Sensory input is compared to predicted state and differences are incorporated into the flow.
The key thing is our brains are modeling and simulating the world around us and it's future state (modeling the physical world as well as the abstract world of what other animals are thinking). It's not clear that LLM's are doing that (my assumption is that they are not doing any of that, and until we build systems that do that, we won't be moving towards the kind of flexible and adaptable control our brains have).
Edit: I just read the rest of the parent post that said basically the same thing, was skimming so missed it.
dsubburam
6 days ago
> The "world model" of a human, or any other animal, is built pursuant to predicting the environment
What do you make of Immanuel Kant's claim that all thinking has as a basis the presumption of the "Categories"--fundamental concepts like quantity, quality and causality[1]. Do LLMs need to develop a deep understanding of these?
westurner
6 days ago
Embodied cognition implies that we understand our world in terms of embodied metaphor "categories".
LLMs don't reason, they emulate. RLHF could cause an LLM to discard text that doesn't look like reasoning according to the words in the response, but that's still not reasoning or inference.
"LLMs cannot find reasoning errors, but can correct them" https://news.ycombinator.com/item?id=38353285
Conceptual metaphor: https://en.wikipedia.org/wiki/Conceptual_metaphor
Embodied cognition: https://en.wikipedia.org/wiki/Embodied_cognition
Clean language: https://en.wikipedia.org/wiki/Clean_language
Given human embodied cognition as the basis for LLM training data, there are bound to be weird outputs about bodies from robot LLMs.
lxgr
7 days ago
But isn't the distinction between a "passive" and an "active" model ultimately a metaphysical (freedom of will vs. determinism) question, under the (possibly practically infeasible) assumption that the passive model gets to witness all possible actions an agent might take?
Practically, I could definitely imagine interesting outcomes from e.g. hooking up a model to a high-fidelity physics simulator during training.
stonemetal12
7 days ago
People around here like to say "The map isn't the territory". If we are talking about the physical world, then language is a map not the territory, and not a detailed one either, an LLM trained on it is a second order map.

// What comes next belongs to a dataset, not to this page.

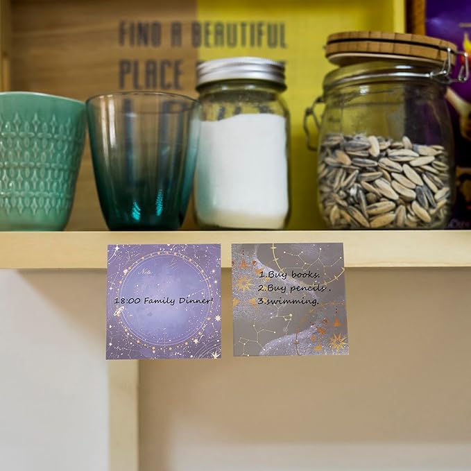 - 【Wide Use】: These sticky notes can be used to write notes, memos, plans, shopping lists, to-do lists, etc. to help remind you to do important or trivial things that are easy to forget; you can stick them to many items with smooth and clean surfaces, such as books, notebooks, computers, whiteboards, windows, walls, doors, refrigerators and so on.

If we consider the territory to be human intelligence, then language is still a map but it is a much more detailed map. Thus an LLM trained on it becomes a more interesting second order map.
seydor
7 days ago
Animals could well use an autoregressive model to predict the outcomes of their actions on their perceptions. It's not like we run math in out everyday actions (it would take too long).
Perhaps thats why we can easily communicate those predictions as words
ElevenLathe
5 days ago
We can't see neutrons either, but we have built various models of them based on indirect observations.